Ao decidir arquivar o caso, Ricardo Manuel Castro afirmou que processar o deputado sem provas robustas “é temerário”.
“Sem prova robusta, ou sequer indícios contundentes desse repasse de valores, o manejo de qualquer medida judicial seria temerário. Dessa forma, mesmo diante do afastamento do sigilo bancário do investigado e de todos os seus assessores, não se obteve êxito na comprovação da irregularidade descrita na representação”, afirmou Castro.
Por meio de nota, o deputado Gil Diniz declarou que “o arquivamento era esperado” e que a denúncia do ex-funcionário dele tinha o objetivo de “atacar o presidente Jair Bolsonaro”.
“Fui de livre e espontânea vontade ao MP, coloquei meu sigilo bancário à disposição do promotor, assim como todos os assessores fizeram o mesmo. A denúncia do ex-assessor tinha por objetivo atacar o Presidente Jair Bolsonaro e sua família, me usaram porque sabem da minha proximidade com o Presidente e seus filhos. Estou tomando todas as medidas jurídicas para que o autor dessa falsa denúncia seu punido exemplarmente”, afirmou o parlamentar.

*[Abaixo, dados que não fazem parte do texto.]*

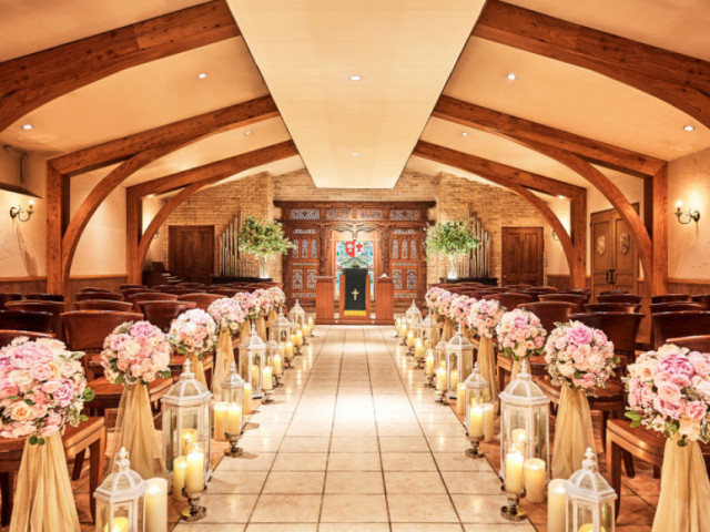 | おすすめ ポイント | アーチを描く木の柱が印象的なチャペル。温かみのあるシックな色調でまとめられ、上品なムード漂うセレモニーを演出。 |

Ex-assessor denuncia deputado do PSL em São Paulo por “rachadinha”
Denúncia
Alexandre Junqueira apresentou a denúncia contra Gil Diniz (PSL) por suposta prática de “rachadinha” em outubro de 2019. Na época, Diniz negou que exigia parte da remuneração dos funcionários. Para o parlamentar, a denúncia se tratava de uma “retaliação política” de Alexandre Junqueira, conhecido como “Carioca de Suzano”, por ter sido demitido do gabinete.
Em entrevista à TV Globo, Junqueira afirmou que, além do repasse de parte do salário, Gil Dinis também praticava esquema de funcionárias fantasmas no gabinete. “Eu não fiz o repasse. Por isso que eu fui exonerado. Tudo será provado. Tudo será provado”, afirmou.

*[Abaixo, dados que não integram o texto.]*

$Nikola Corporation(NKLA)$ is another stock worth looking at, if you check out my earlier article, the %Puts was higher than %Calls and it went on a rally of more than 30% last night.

O ex-assessor parlamentar contou que conheceu Gil Diniz quando trabalhava como voluntário na campanha de Eduardo Bolsonaro (PSL) para deputado federal. Conhecido como “Carioca de Suzano”, Alexandre disse que se aproximou dos políticos pela atuação nas redes sociais.
“Na campanha eu era motorista do Eduardo [Bolsonaro] e voluntário. Dirigia para ele, e o Gil junto, fazendo campanha junto. Eu dirigia e panfletava”, afirmou.

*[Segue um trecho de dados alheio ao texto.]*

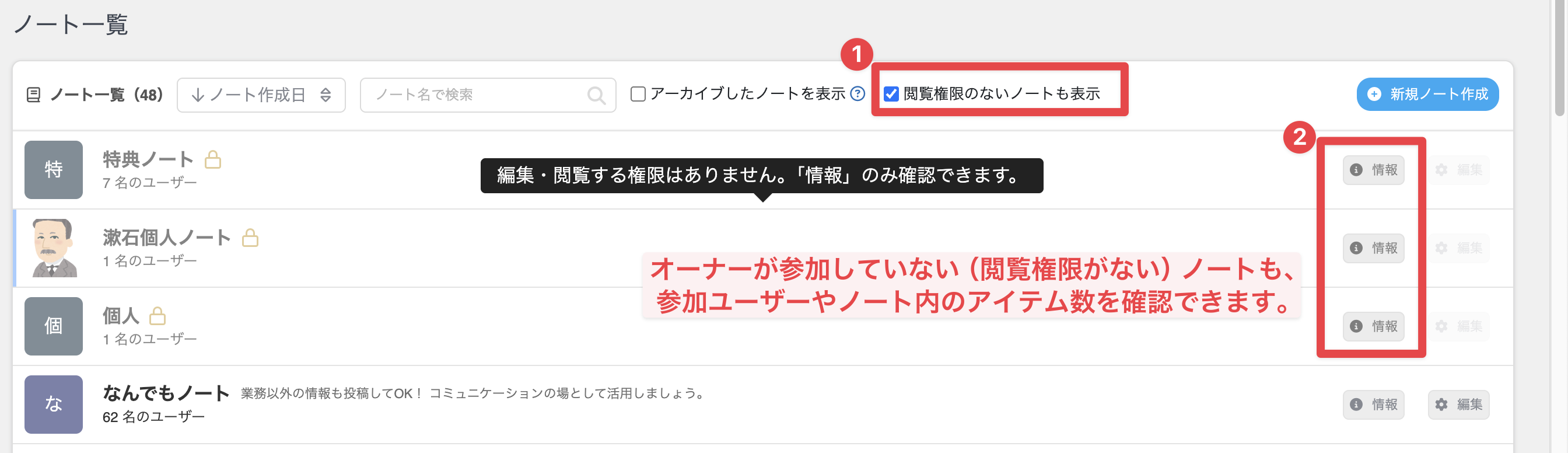 オーナーが参加していないプライベートノートも、

De acordo com o deputado, Junqueira “era um mau funcionário, chegava atrasado e não tinha comprometimento com a assiduidade”.
“Pode ser, sim, retaliação, mas, mais caso pessoal deste ex-assessor. Eu tenho um gabinete enxuto, com 12 assessores, eu tenho três assessoras as três estão aqui e sempre estão aqui. Ele precisa provar o que está dizendo”, afirmou o deputado, referindo-se a uma outra denúncia do ex-funcionário de que ele tinha uma “funcionária fantasma” no gabinete.
O deputado estadual Gil Diniz (PSL-SP) em seu gabinete na Assembleia Legislativa de São Paulo
Tahiane Stochero/G1
O deputado negou as acusações de “rachadinha” e diz que “jamais” pediu parte do salário aos funcionários.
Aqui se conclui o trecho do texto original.